Keywords: vimentin ; intermediate filament ; protein phosphorylation ; immunoblotting ; scanning densitometry ; Life and Medical Sciences ; Cell & Developmental Biology

Source: Wiley InterScience Backfile Collection 1832-2000

Topics: Biology , Chemistry and Pharmacology , Medicine

Notes: The vimentin contents of four mammalian cell lines originating from rat and human tissues were determined by immunoblotting and scanning densitometry. On per cell volume basis, vimentin content in 9L, KD, and HeLa cells was found to be 206.6, 151.6, and 19.1 ng/μl, respectively. A431 cells were devoid of vimentin. Protein phosphorylation was augmented by treatment of 600 nM okadaic acid for 1 h in these cells. During the apparent activation of protein kinases, vimentin became hyperphosphorylated and the phosphorylation level of other nonvimentin phosphoproteins was relatively little affected in 9L and KD cells. In contrast, cytokeratins and other nonvimentin proteins were heavily phosphorylated in OA-treated HeLa and A431 cells.
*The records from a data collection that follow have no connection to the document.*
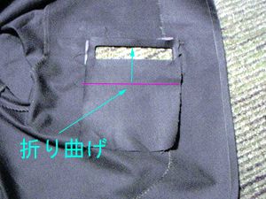 | 裏側へ返す。 | 紫のところで折り曲げ、ポケットの上縁にあてる。 |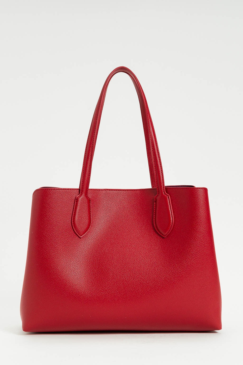 Borsa shopper effetto pelle di vitello con grana naturale, doppiata con effetto bicolore. Ha doppio manico a spalla, vani laterali interni chiusi da magnete, ampio vano centrale chiuso da zip, logo Oval T in metallo, sfoderata. Perfetta per uso quotidiano e da ufficio.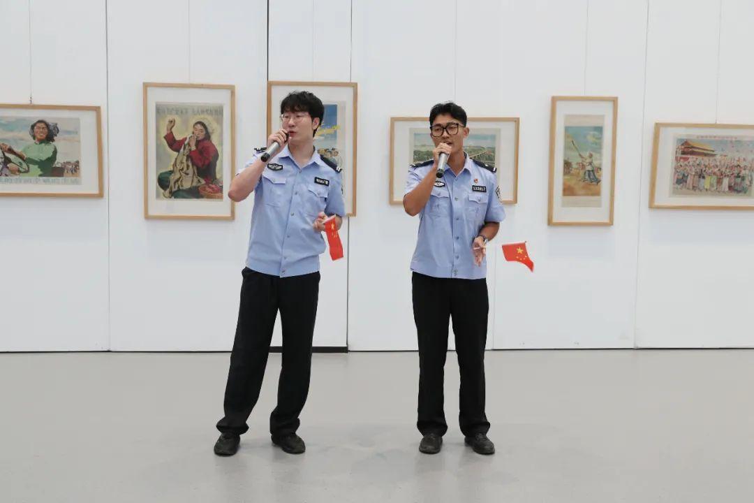 觀展結(jié)束后,伴隨著“我和我的祖國,一刻也不能分割。無論我走到哪里,都流出一首贊歌……”歌聲的響起,參展人員移步展廳中央,雄安公安文聯(lián)的表演者們伴隨著莊嚴(yán)激昂的旋律依次從人群中走出,《我和我的祖國》《追尋》《多情的土地》《我愛你中國》,一首首振奮人心的歌曲,唱出了慶祝新中國75周年華誕的喜悅,唱出了對祖國的自豪與驕傲。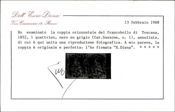 1852 - Coppia del 1 quattrino nero su grigio (1) usata - fresca e ben marginata - cert. Enzo Diena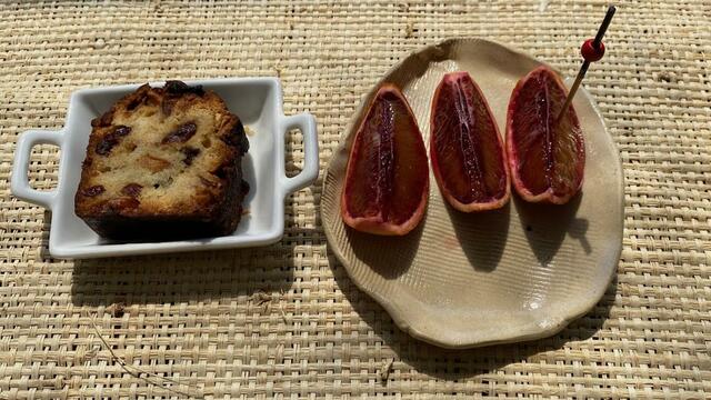 ラーメン & Cake aux fruits & blood orange。
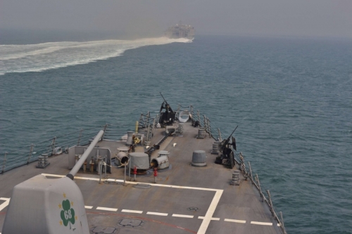 وقال قائد البحرية في الحرس الجنرال علي رضا تنكسيري إن إيران تراقب السفن العسكرية والتجارية على السواء، ولا تستبعد إغلاق المضيق لوقف عمليات الشحن البحري عبر الخليج. فالتهديد بإغلاق مضيق هرمز الاستراتيجي أو السيطرة عليه، ورقة دأبت إيران على التلويح بها مع كل أزمة تواجهها.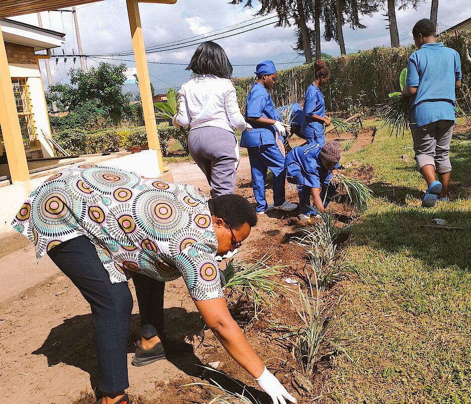 Muri iyi gahunda, mu rwego rwo gukomeza Kwimakaza Umuco w'Isuku mu Bitaro imbere no hanze yabyo, Abakorera muri ibi Bitaro bahuriye hamwe muhacumbikirwa Abaganga, aho bahurije hamwe imbaraga mu gukora isuku imbere mu nzu no hanze banatunganya ubusitani.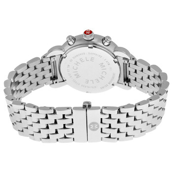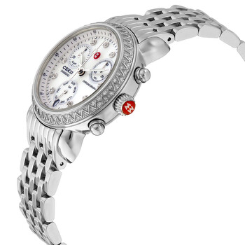 Silver-tone stainless steel case with a silver-tone stainless steel bracelet. Fixed silver-tone stainless steel bezel. Mother of pearl dial with silver-tone hands and diamond hour markers. Minute markers around the outer rim. Dial Type: Analog. Date display at the 6 o'clock position. Chronograph - two sub-dials displaying: 60 second and 30 minute. day of the week. Quartz movement. Scratch resistant sapphire crystal. Pull / push crown. Solid case back. Round case shape. Case size: 33 mm. Deployment clasp. Water resistant at 50 meters / 165 feet. Functions: chronograph, date, hour, minute, second. Dress watch style. Watch label: Swiss Made. Pre-owned Michele CSX Mother of Pearl Diamond Dial Ladies Watch MWW03S000002.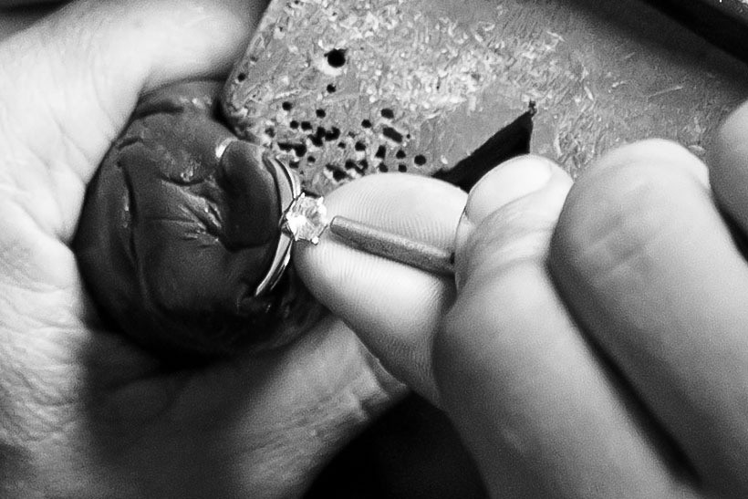 Questo metodo non solo fissa la pietra in modo sicuro, ma permette anche una maggiore esposizione della pietra alla luce, esaltandone la brillantezza e la visibilità. Non a caso è largamente utilizzato per gli anelli di fidanzamento e per i solitari.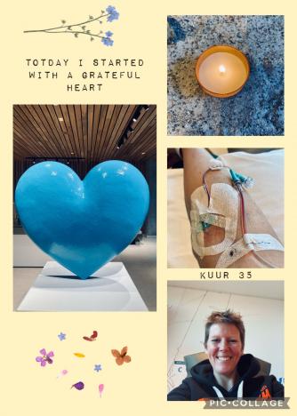 Vijf weken terug mocht ik mij weer voor kuur 35 melden in het Roudboud. Mijn waarden waren binnen de gestelde normen en met een dankbaar gevoel ging ik naar het ziekenhuis. Deze keer overheerste het gevoel dat ik blij was weer een dosis van de Bevacizumab te mogen krijgen, dus dan is zo’n dag altijd beter te doen, als dat het gevoel van tegenzin, frustratie en verdriet de boventoon voert. Op dit soort dagen ben ik me altijd extra bewust van mijn mentale gesteldheid. Zijn het helpende of niet helpende gedachten die die dag aanwezig zijn om ervoor te zorgen dat ik dit soort momenten zo goed mogelijk door kan komen. Gelukkig was het een dag met veel positiviteit in mijn koppie, aanmoedigende en lieve berichtjes, vriendelijke verpleegkundigen, een rustige afdeling, vrolijke taxichauffeur en een dikke knuffel bij thuiskomst van Bas. Allemaal zaken die op zo’n dag ervoor zorgen dat alles toch een stuk beter te doen is.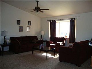 Spacious open floor plan with large entry foyer, vaulted ceilings, double sinks in main floor bath, bright kitchen with nice cabinets, island and all stainless steel appliances. Outside features include deck with stairs leading down to patio, 2 car garage and slab for extra boat or vehicle parking. Home is completely finished. A definite must see.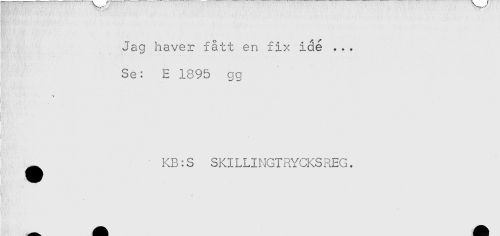 //// Jag haver fått en fix idé ... //// Se: E 1895 gg //// KB:S SKILLINGIRYCKSREG. //// fs-' ////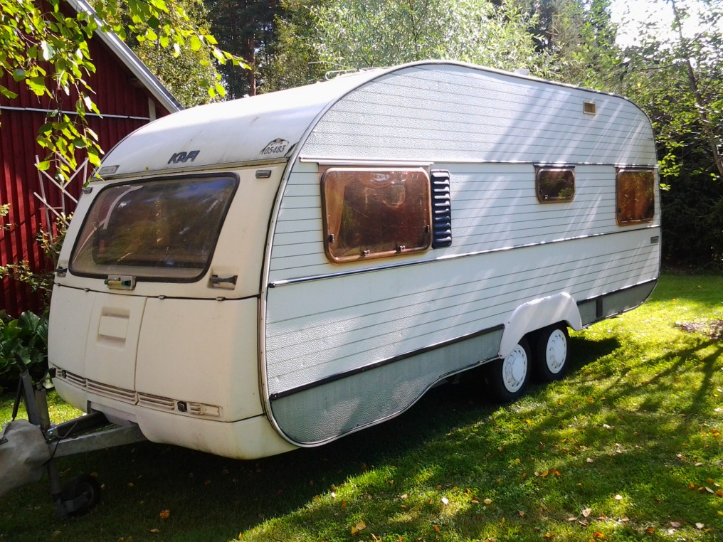 Aloitampa Kafi-rojektin tänne. Palautetta ja neuvojakin toki saa antaa ja pitääkin, mielellään asiallista sellaista  Thumb . Keväällä iski sitten vaunu-kuume! Ja kun talous ei antanut periksi jotta olisi ostanut uuden tai saatikka ehjän, niin tyydyttiin sitten tällaiseen projektiin joka löytyikin sitten loppukesästä tuosta naapuripitäjästä. Siitähän pidettiin kiinni, että Kafi se olla pitää ;D.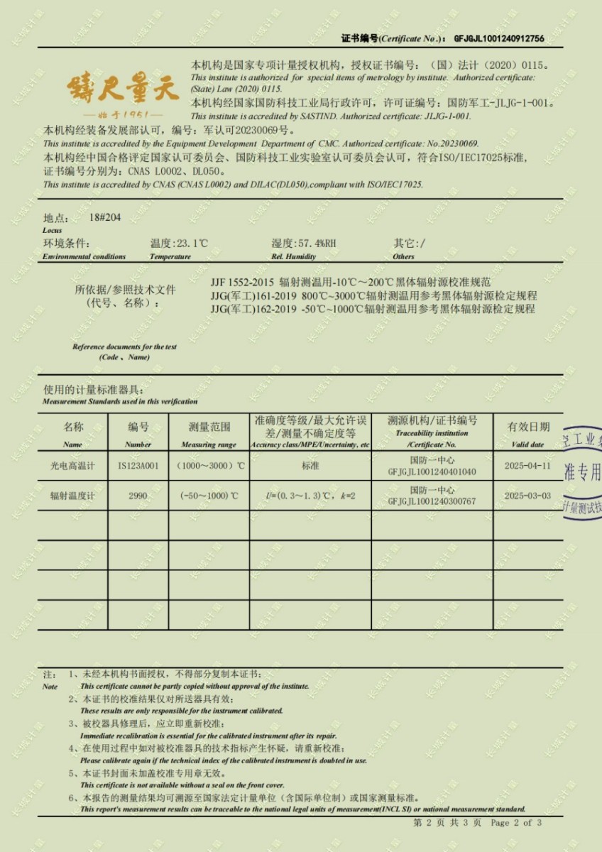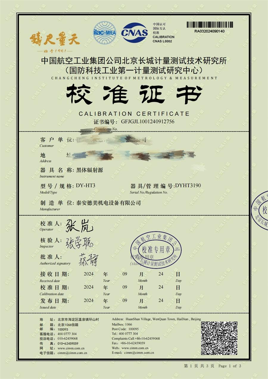 | 上一條:中溫黑體爐(50-500℃)校準(zhǔn)證書 | 下一條:智能干體儀(六位半精度)校準(zhǔn)證書 |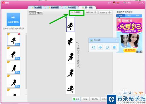 點(diǎn)擊”切換“鍵可以在豎板與橫板之間切換,可以拖動(dòng)圖片更換照片順序。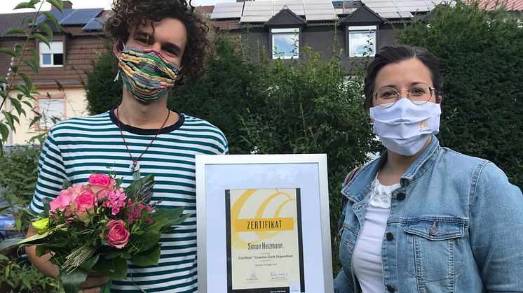 Die Übergabe des Cochlear Graeme Clark Stipendiums 2020 an Simon Heizmann erfolgte vor wenigen Tagen an seinem Studienort Mainz. Die ursprünglich geplante Stipendienfeier in der HNO-Klinik des Universitätsklinikums Freiburg musste aufgrund von COVID-19 in diesem Jahr leider entfallen. In der renommierten CI-Klinik war auch Simon Heizmann im Alter von zwei Jahren mit seinem ersten Cochlea-Implantat versorgt worden, 2017 folgte eine weitere CI-Implantation auf dem anderen Ohr.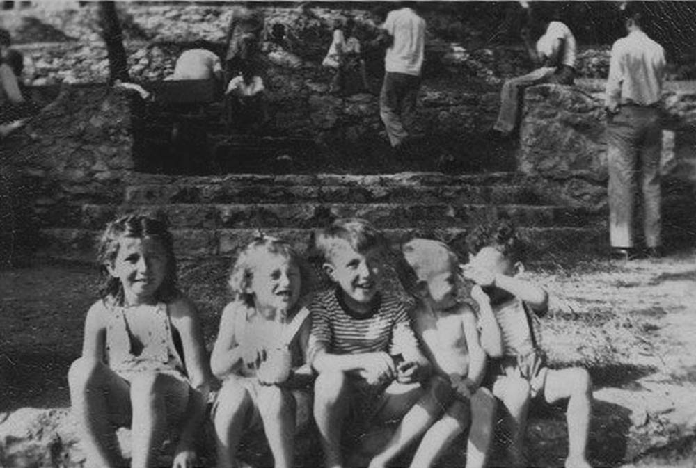 Rayma (Smith) Grimes, Opal (Canady) Trites, Joe Linthicum, Harold Canady, Larry Linthicum at a family reunion at Schemerhorn Park, about 1947 or 48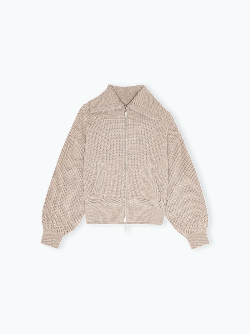 Knitted Cropped Bomber Beige er laget av en myk blanding av 95 % merinoull og 5 % kasjmir, begge foretrukne materialer kjent for sin eksepsjonelle kvalitet og komfort. Bomberjakken har glidelås foran, ribbekant i fald og mansjetter, og to lommer foran.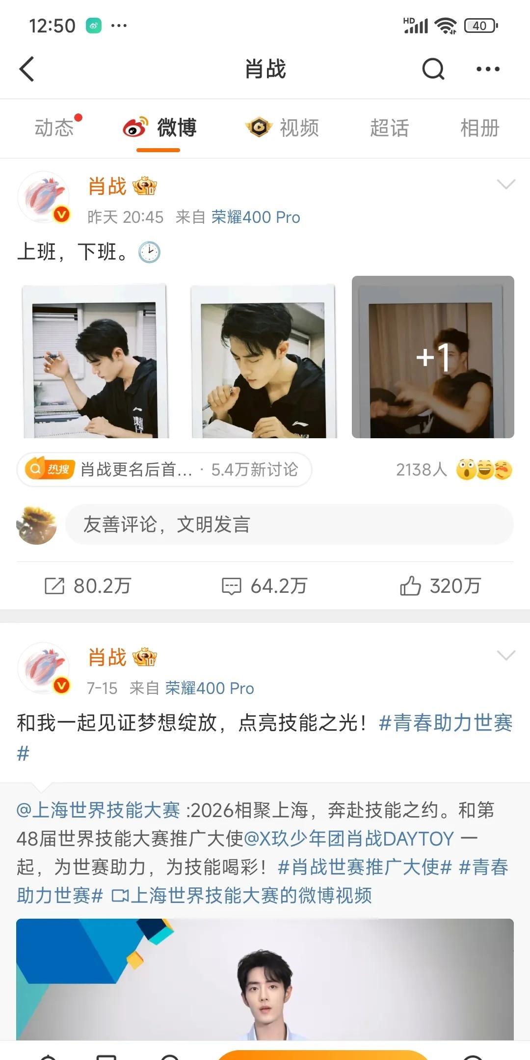 肖战更改名字后首发微博:上班,下班。 发的图片是,看剧本研究剧本的肖战。 点赞量320万。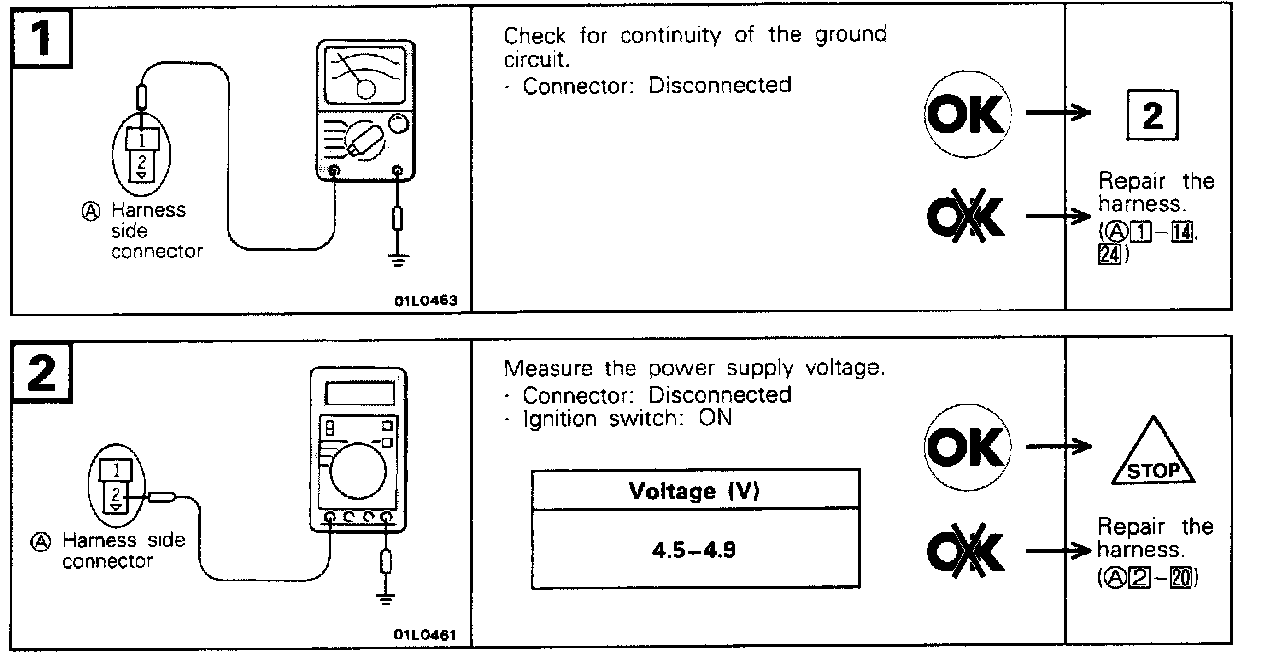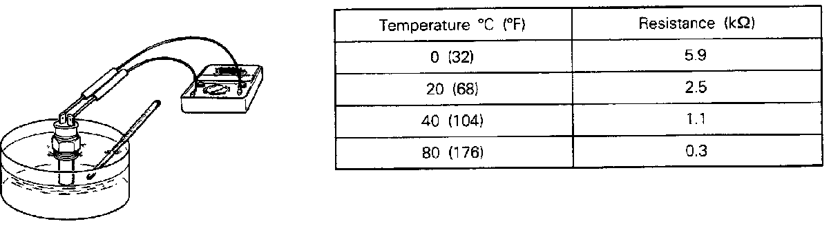 (2) With temperature sensing portion of engine coolant temperature sensor immersed in hot water check resistance.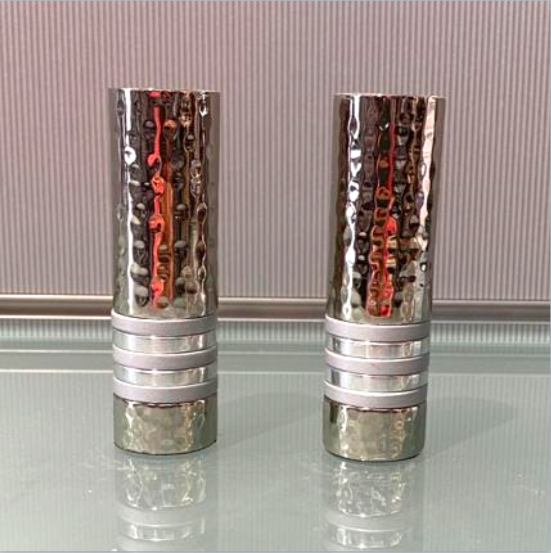 Emanuel Short Shabbat Candlesticks - Silver Stripes

Regression analysis indicated that the relative increase in phosphorylation level of nonvimentin phosphoproteins was inversely correlated to the contents of vimentin in the four cell lines [r2 = -0.985]. These observations strongly suggest that vimentin acts as a phosphate sink by which the effects of “excess kinase activity” inflicted by phosphatases inhibition was attenuated.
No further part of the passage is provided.